The task :: Every line of the entries that holds the word "with" is to be copied.

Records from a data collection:
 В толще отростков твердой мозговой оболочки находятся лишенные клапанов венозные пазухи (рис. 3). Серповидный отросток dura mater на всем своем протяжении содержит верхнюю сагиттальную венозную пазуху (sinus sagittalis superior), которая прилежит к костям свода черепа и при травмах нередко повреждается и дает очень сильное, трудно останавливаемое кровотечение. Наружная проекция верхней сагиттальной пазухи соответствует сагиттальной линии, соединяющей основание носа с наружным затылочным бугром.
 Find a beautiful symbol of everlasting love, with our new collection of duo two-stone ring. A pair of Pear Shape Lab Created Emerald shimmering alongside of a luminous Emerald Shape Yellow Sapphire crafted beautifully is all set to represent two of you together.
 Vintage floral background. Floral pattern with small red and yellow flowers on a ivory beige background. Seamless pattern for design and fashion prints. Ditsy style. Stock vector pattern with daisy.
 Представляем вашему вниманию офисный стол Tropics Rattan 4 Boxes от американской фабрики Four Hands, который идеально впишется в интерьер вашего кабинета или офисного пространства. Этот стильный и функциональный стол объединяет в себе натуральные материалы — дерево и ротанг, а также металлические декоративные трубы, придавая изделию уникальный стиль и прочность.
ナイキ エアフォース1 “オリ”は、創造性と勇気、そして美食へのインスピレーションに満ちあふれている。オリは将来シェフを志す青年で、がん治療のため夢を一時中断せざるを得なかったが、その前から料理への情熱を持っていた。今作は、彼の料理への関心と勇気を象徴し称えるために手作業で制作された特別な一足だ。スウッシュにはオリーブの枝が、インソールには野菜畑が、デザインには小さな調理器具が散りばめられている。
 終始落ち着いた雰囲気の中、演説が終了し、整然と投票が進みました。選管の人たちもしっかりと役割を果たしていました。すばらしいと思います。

...

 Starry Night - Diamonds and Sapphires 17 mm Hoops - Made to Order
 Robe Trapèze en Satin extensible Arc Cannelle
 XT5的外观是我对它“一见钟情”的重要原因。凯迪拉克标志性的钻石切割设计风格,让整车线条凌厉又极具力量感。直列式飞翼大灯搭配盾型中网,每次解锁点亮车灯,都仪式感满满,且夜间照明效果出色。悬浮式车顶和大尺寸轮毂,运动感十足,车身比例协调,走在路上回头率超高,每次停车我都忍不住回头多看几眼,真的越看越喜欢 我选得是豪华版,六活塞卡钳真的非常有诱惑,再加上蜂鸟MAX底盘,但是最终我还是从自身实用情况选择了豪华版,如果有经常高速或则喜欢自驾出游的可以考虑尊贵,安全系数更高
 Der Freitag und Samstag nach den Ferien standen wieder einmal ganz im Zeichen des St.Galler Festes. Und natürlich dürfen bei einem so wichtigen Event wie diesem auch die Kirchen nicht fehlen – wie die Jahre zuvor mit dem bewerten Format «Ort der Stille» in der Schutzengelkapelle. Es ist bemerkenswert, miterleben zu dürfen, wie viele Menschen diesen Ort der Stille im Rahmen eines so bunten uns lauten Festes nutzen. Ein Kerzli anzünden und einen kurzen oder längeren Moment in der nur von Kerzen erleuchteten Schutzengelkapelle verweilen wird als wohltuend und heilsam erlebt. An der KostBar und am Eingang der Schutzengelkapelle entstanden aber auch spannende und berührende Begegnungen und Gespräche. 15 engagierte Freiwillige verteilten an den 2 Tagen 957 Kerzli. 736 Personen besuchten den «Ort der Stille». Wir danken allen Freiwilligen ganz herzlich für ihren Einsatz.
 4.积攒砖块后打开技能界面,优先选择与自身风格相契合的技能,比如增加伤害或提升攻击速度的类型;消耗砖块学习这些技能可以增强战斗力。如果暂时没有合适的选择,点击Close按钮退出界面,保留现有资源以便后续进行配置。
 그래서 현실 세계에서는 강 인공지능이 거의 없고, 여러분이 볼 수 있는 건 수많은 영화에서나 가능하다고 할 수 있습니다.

Written reply ::
 Find a beautiful symbol of everlasting love, with our new collection of duo two-stone ring. A pair of Pear Shape Lab Created Emerald shimmering alongside of a luminous Emerald Shape Yellow Sapphire crafted beautifully is all set to represent two of you together.
 Vintage floral background. Floral pattern with small red and yellow flowers on a ivory beige background. Seamless pattern for design and fashion prints. Ditsy style. Stock vector pattern with daisy.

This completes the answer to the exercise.